But as a user from day one of Vista, and a network administrator who has the experience with Vista to back it up, moving from XP to Vista is a no brainer...


----------



## Steve (Aug 22, 2006)

Perhaps for a large network admin, there's some bang for the buck as far as Vista making his life easier. But it appears to me his good fortune may come at the expense of the individual user experience. This is just one of several comparisons I've read that show that XP clearly outperforms Vista on almost every application tested.

As someone who now mostly works from home with a modest 3 PC network and who is normally an "early adopter" and typically the first guy on the block with any new technology, I'm still trying to justify a move to Vista, and frankly I'm unable to. That's because on principle, I refuse to take a step backwards in terms of performance. That's just me, tho.

/steve


----------



## deltafowler (Aug 28, 2007)

LarryFlowers said:


> Vista security is so superior to XP's.


How so?


----------



## Sharkie_Fan (Sep 26, 2006)

Steve said:


> Perhaps for a large network admin, there's some bang for the buck as far as Vista making his life easier. But it appears to me his good fortune may come at the expense of the individual user experience. This is just one of several comparisons I've read that show that XP clearly outperforms Vista on almost every application tested.
> 
> As someone who now mostly works from home with a modest 3 PC network and who is normally an "early adopter" and typically the first guy on the block with any new technology, I'm still trying to justify a move to Vista, and frankly I'm unable to. That's because on principle, I refuse to take a step backwards in terms of performance. That's just me, tho.
> 
> /steve


Here's a tester whose setup resulted in Vista being faster almost across the board....

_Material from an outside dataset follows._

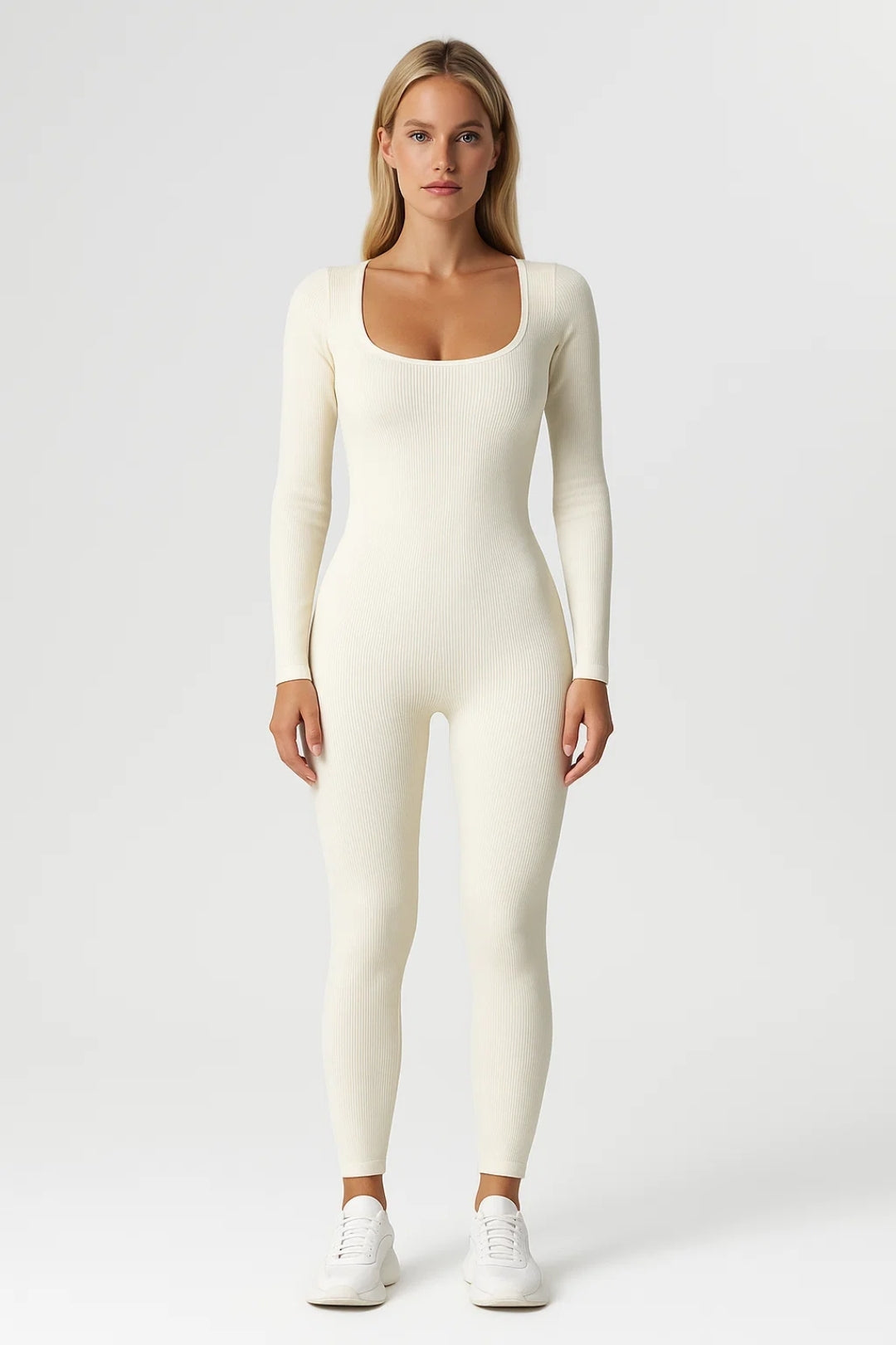 En mångsidig och stilren damoverall i minimalistisk design som kombinerar komfort med en figurnära silhuett. Det ribbade materialet följer kroppens form på ett smickrande sätt, medan de långa ärmarna och den rena designen gör plagget perfekt att bära året runt – både till vardags och i mer avslappnade sammanhang.

More interesting to me, though were a couple of points he makes:

First, with "benchmarking" a system... Your mileage may vary. He and another ZDNet contributor had vastly different results in their testing.

Second.. "Can any stopwatch-based measurement of isolated tasks as performed by individual hardware and software components really measure the worth of a technology investment?"

That's the crux of the argument for me. Benchmarks are great and all, but in real life use, with the set of applications *we* use... Vista is far and away faster than XP. The stopwatch benchmarks of a few of our components may or may not show the same - I don't know, I've never benchmarked. We did, however, have XP and Vista running in the office for a while, so we had some side by side comparison, and Vista was faster in almost every process.

We didn't upgrade hardware to upgrade to Vista - our PCs were less than 6 months old, and our hand was "forced", as I mentioned earlier.... So my comparisons are all of the exact same machine running Vista and running XP.

All that to say... XP may in fact be faster in some situations. It is not, however, universally faster across the board... I will say though, that I don't think the performance edge that I've experienced with Vista would justify upgrading the OS if there wasn't a "killer app" that required it, like we experienced.


----------



## smiddy (Apr 5, 2006)

I think this thread morphed into an XP versus Vista thread.

I just upgraded a Windows XP Pro to Windows Vista Home Premium. For everything I do with it it runs far faster. I have never had to wait on a mouse click, in fact it is almost eerie, in that is almost goes before I hit the mouse button (that can't be I know, but it seems that way). My CPU useage is way lower and I have several things running that I couldn't run under XP, like Commview (a network sniffer), Zune library, and Google Gadgets. The three of those in XP would slow down my machine, in Vista I max out at 7% CPU utilization. One big difference currently is I have yet to install Microsoft Office. I will need word and likely Outlook, and Excel. But, with the email client that came with Vista working ok, I wonder if I need all the bells and whistles with Outlook. So it may come down to Word and Excel only. Once those are installed I would suspect that there will be a CPU hit, but don't know. I'm holding out a bit longer.


----------



## Steve (Aug 22, 2006)

Sharkie_Fan said:


> Here's a tester whose setup resulted in Vista being faster almost across the board....
> 
> More interesting to me, though were a couple of points he makes:
> 
> ...


I agree that if you have to upgrade because your application vendor is only supporting Vista, that's a very compelling reason to switch! 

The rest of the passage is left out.